* EXTRACTED RECORDS:
==============================

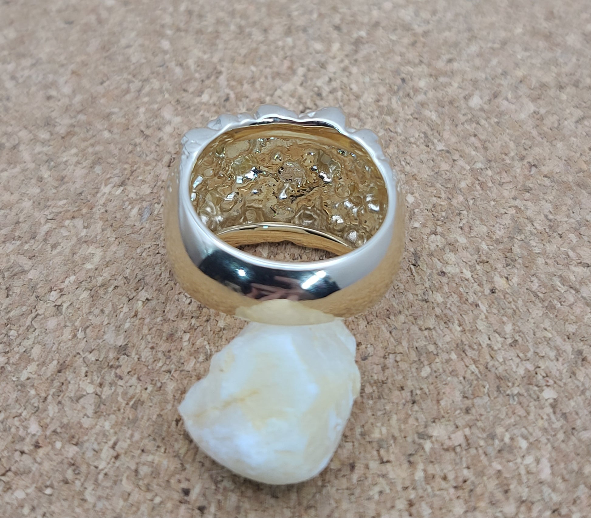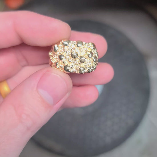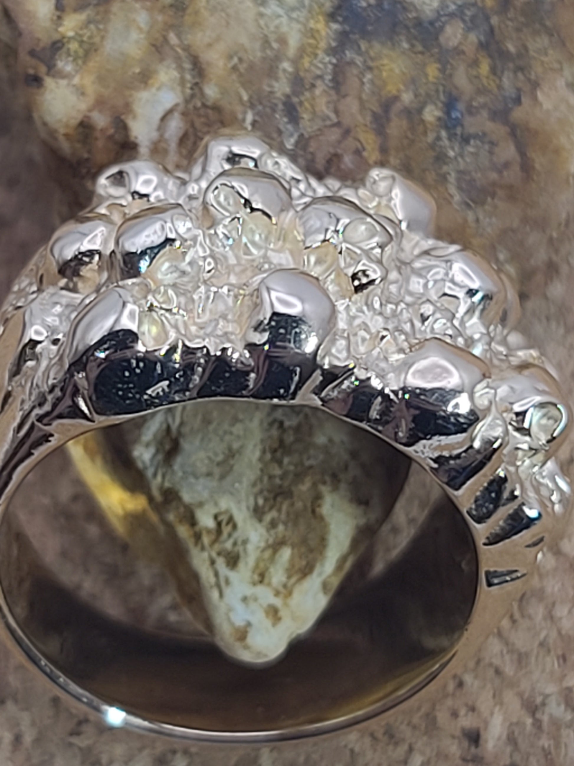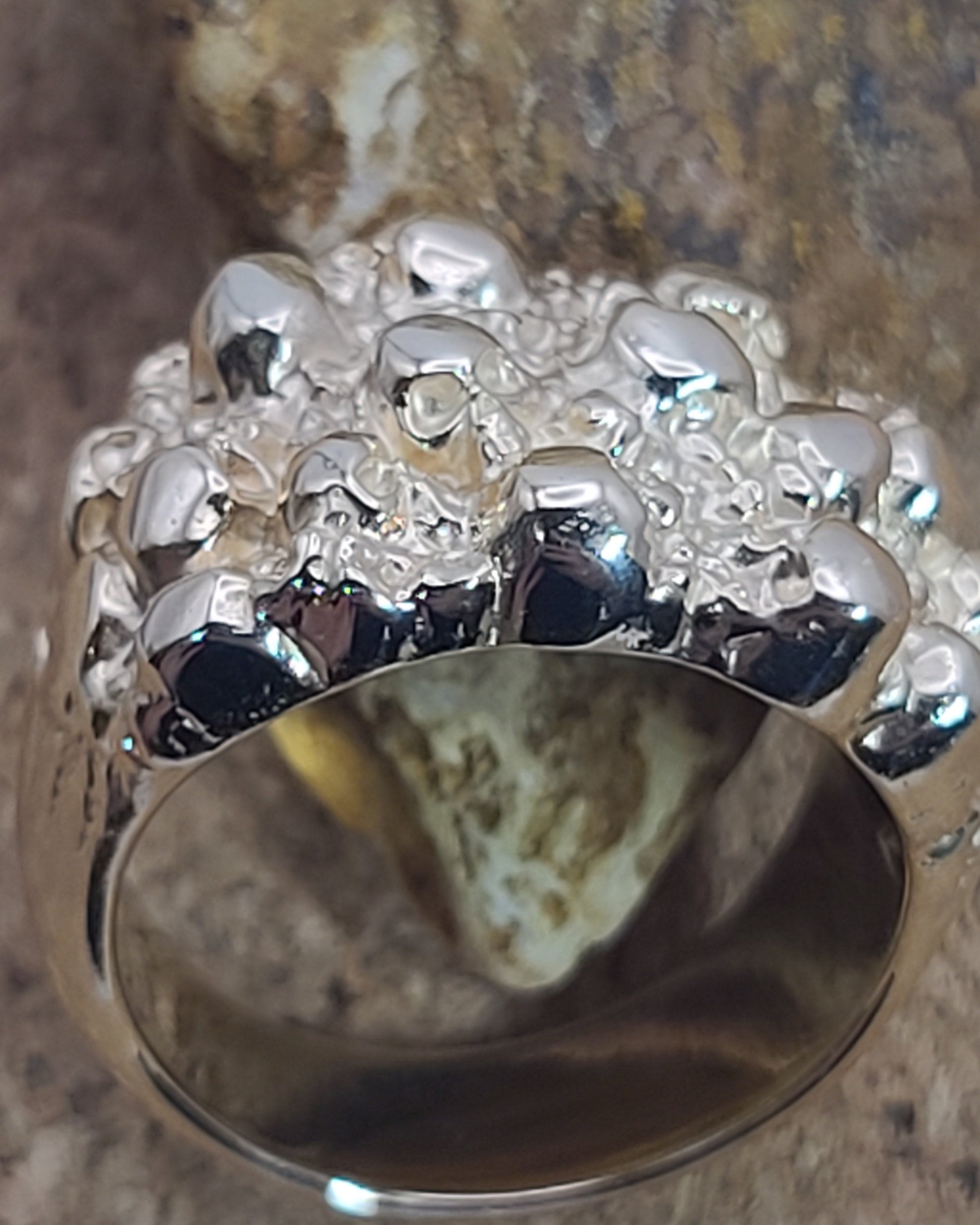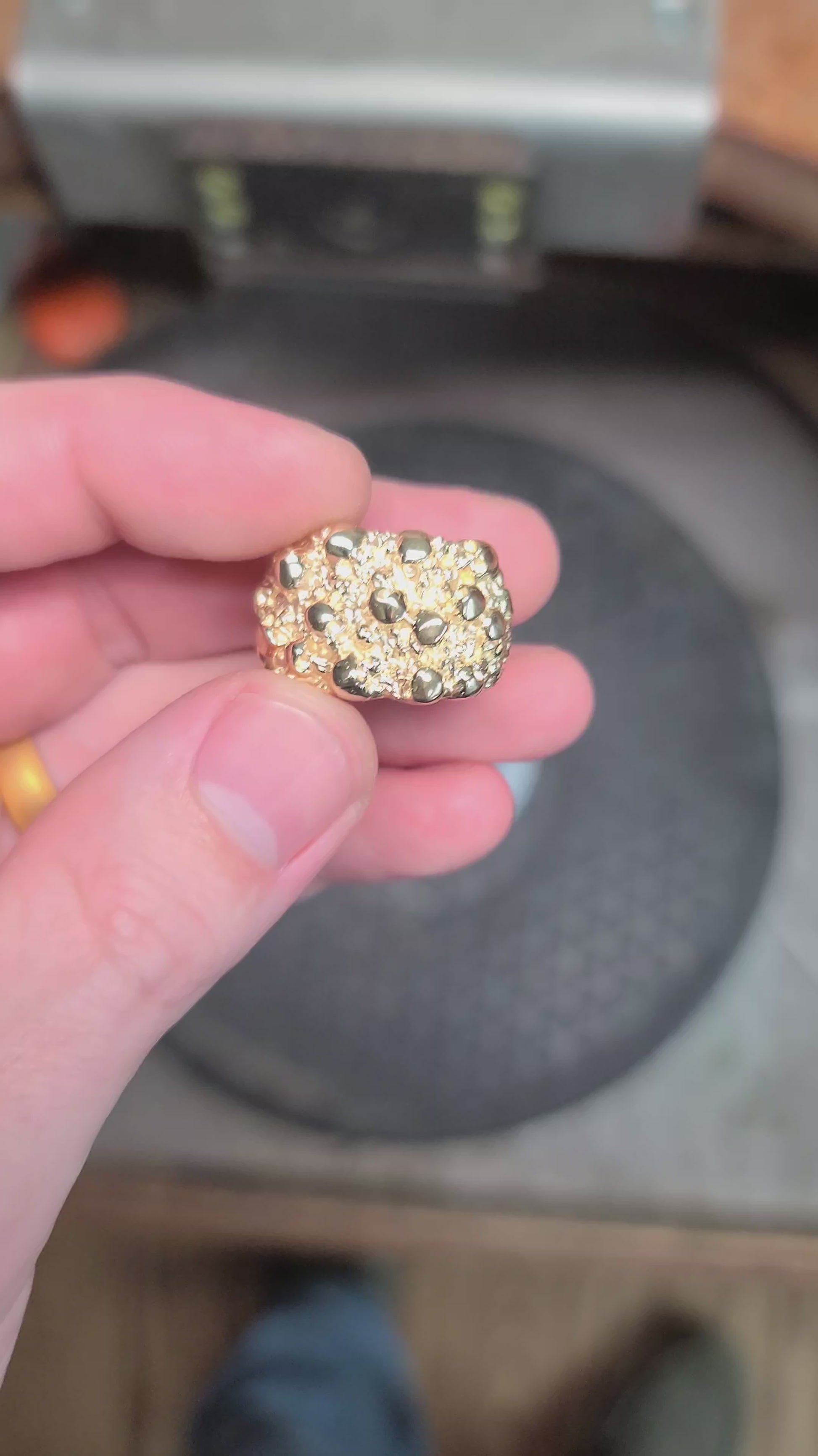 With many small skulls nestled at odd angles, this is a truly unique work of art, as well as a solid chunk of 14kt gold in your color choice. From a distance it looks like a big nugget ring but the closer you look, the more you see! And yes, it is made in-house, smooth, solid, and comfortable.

==============================

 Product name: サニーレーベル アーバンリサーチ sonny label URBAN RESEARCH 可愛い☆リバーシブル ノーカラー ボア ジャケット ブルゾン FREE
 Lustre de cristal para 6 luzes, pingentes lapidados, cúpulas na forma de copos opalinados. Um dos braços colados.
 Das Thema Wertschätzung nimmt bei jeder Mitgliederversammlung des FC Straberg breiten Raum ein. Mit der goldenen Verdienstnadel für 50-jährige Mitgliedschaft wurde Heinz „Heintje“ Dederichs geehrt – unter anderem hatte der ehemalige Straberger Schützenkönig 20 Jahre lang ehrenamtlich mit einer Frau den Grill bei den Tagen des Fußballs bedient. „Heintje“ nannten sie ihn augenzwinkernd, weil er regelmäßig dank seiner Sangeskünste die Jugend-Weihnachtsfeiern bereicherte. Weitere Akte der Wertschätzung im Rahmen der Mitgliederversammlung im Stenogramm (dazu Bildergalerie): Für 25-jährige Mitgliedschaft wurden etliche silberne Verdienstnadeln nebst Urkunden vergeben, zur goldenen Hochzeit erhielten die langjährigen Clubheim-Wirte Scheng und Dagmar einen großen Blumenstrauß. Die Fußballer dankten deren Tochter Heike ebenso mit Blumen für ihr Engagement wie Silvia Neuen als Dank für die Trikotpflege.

==============================

* EXERCISE OBJECTIVE:
Every line above from the line with "Product name: サニーレーベル" to the line with "Lustre de cristal", both included, must be reproduced exactly, and no other line may appear.

* ANSWER TO THIS PROBLEM:
 Product name: サニーレーベル アーバンリサーチ sonny label URBAN RESEARCH 可愛い☆リバーシブル ノーカラー ボア ジャケット ブルゾン FREE
 Lustre de cristal para 6 luzes, pingentes lapidados, cúpulas na forma de copos opalinados. Um dos braços colados.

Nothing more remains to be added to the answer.